First one is a Amrac car I bought when I was a kid circa early to mid 80s from Kay-B-Toys. Its a red with black hood Porsche 911 appears to painted I say this because the colors on the outside are much richer the than dye on the inside its has three number 5s on the car one on the hood and 1 each on the side of the car with yellow meatballs it has the following sponsors on it Bell on the roof, Pennzoil on the quarters DieHard and Monroe behind the number 5 on driver and passenger side and Amrac in white on the spoiler. I have taken it to the Mid-West Slot Car Show ( which Ive been attending since the mid 90s) a few times and most people say nice custom job but its not its the way I bought. I do have all the variants of this body from Amrac, Rokar, and LifeLike and it was easy for me to obtain them but I have yet to have seen this version anywhere any help would be great. I didnt post pics because I didnt want to lose detail if your interested in helping me pm me and Ill email them to you.

Next item simple but not easy just need a rear wing for a Tyco #25 Ligier
Thanks for the help


----------



## clausheupel (Jan 27, 2005)

*Amrak red Porsche #5 confirmation*



shocker36 said:


> ...I have yet to have seen this version anywhere any help would be great.


Hi there,

looks like I have one of those Amrak Porsches in my collection. Here´s a pic:










I never thought this car might be so HTF - bought her last summer off the Bay for a nice price (around 20 $), so I considered the car not that rare...

Greetings from Germany,

Claus


----------



## roffutt (Jun 30, 2006)

I believe it's a little harder to find.. but not rare. I believe it was a set car with a yellow datsun 240z.


----------



## shocker36 (Jul 5, 2008)

Nice Datsun 
Thats the Porsche its only the second one Ive seen mine doesnt seem to be raced so hard though


----------



## kyle2084 (May 2, 2009)

might have been a set car....but it was also sold individually....i have one as well....purchased from kb toys...lol i think they were the sole distributer...major one anyway.


----------



## roadrner (Jul 21, 1999)

Looks like they'd be great runners! :thumbsup::thumbsup: rr


----------



## 1scalevolvo (Feb 5, 2004)

:thumbsup: I got both of those ! Real Cool cars fom the AMC of HO
Nash + Hudson +Jeep = AMC

Cox= Amrac = Rokar= Darda = LL

 Neal:dude:


----------



## shocker36 (Jul 5, 2008)

I know Amrac cars are not the most sought after cars (but they have the best looking stance) out of all the slot car manufactures but does anyone know how rare the red Porsche is I dont think its the rarest but close to it next to the yellow Datsun


----------



## roffutt (Jun 30, 2006)

In my opinion.. The Cox line of these bodies are the hardest to find. (borrowed photo from supercoolin)
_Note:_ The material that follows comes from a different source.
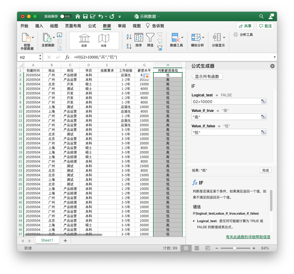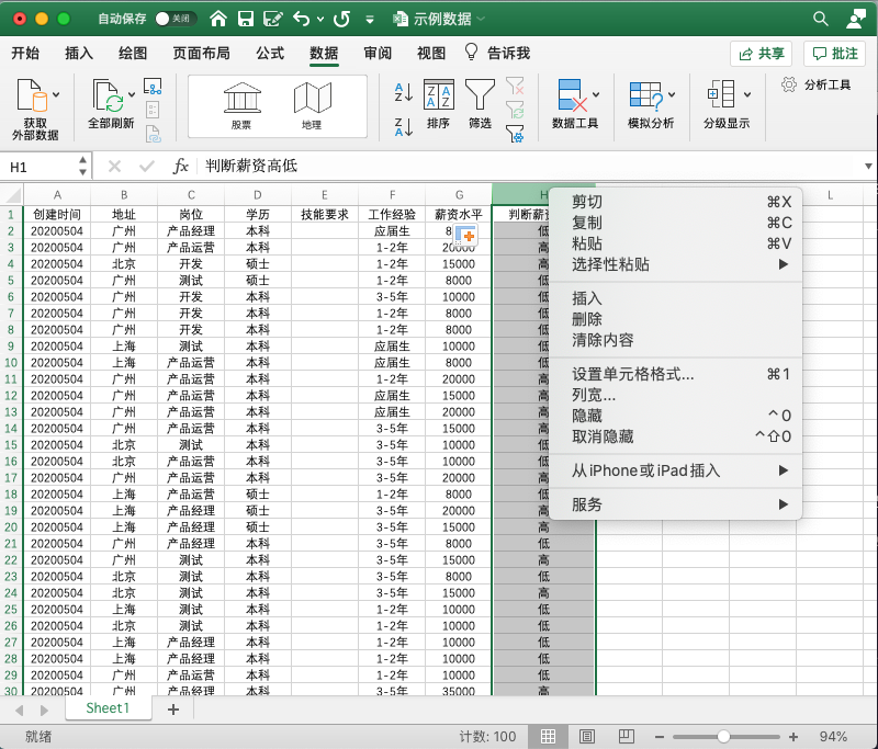 在Excel中我们可以将光标放在指定位置并右键增加一行/列,当然也可以在添加时对数据进行一些计算,比如我们就可以使用IF函数(=IF(G2>10000,”高”,”低”)),将薪资大于10000的设为高,低于10000的设为低,添加一列在最后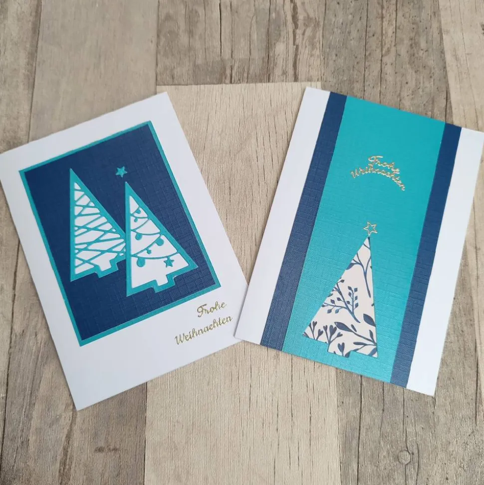 Die Grundkarte besteht aus weißem Papier der Stärke 250g/m2. Dieses habe ich mit blauem Papier in Leinenoptik dekoriert. Auf Karte Nr. 1 habe ich zwei gestanzte Tannenbäume auf weißem Hintergrund geklebt, aus Karte zwei hab ich den Tannenbaum ins Papier gestanzt. Ein goldfarbene Sticker mit dem Spruch „Frohe Weihnachten“ runden die Karte ab.

The Rokar blue #9 datsun has also be a difficult one to find in good condition.


----------



## tomhocars (Oct 19, 2005)

The Cox cars and AMRAC are some of my favorite.The AMRAC cars were very quick and the bodies were superlite.They looked great. The red,white and blue Bap Geon Datson Z has to be one of the best looking and handling cars made.IMHO.I used to have pics of them on my album.I'll have to dust them off and put them back.Tom Stumpf


----------



## Bill Hall (Jan 6, 2007)

Me too!

Always a happy day when I break out the Amracs!

Their chassis to body fitment on the Zee and RSR set an unparalleled standard. Low slung, fast, good styling. Somebody should repop them in ABS for Tyco chassis.


----------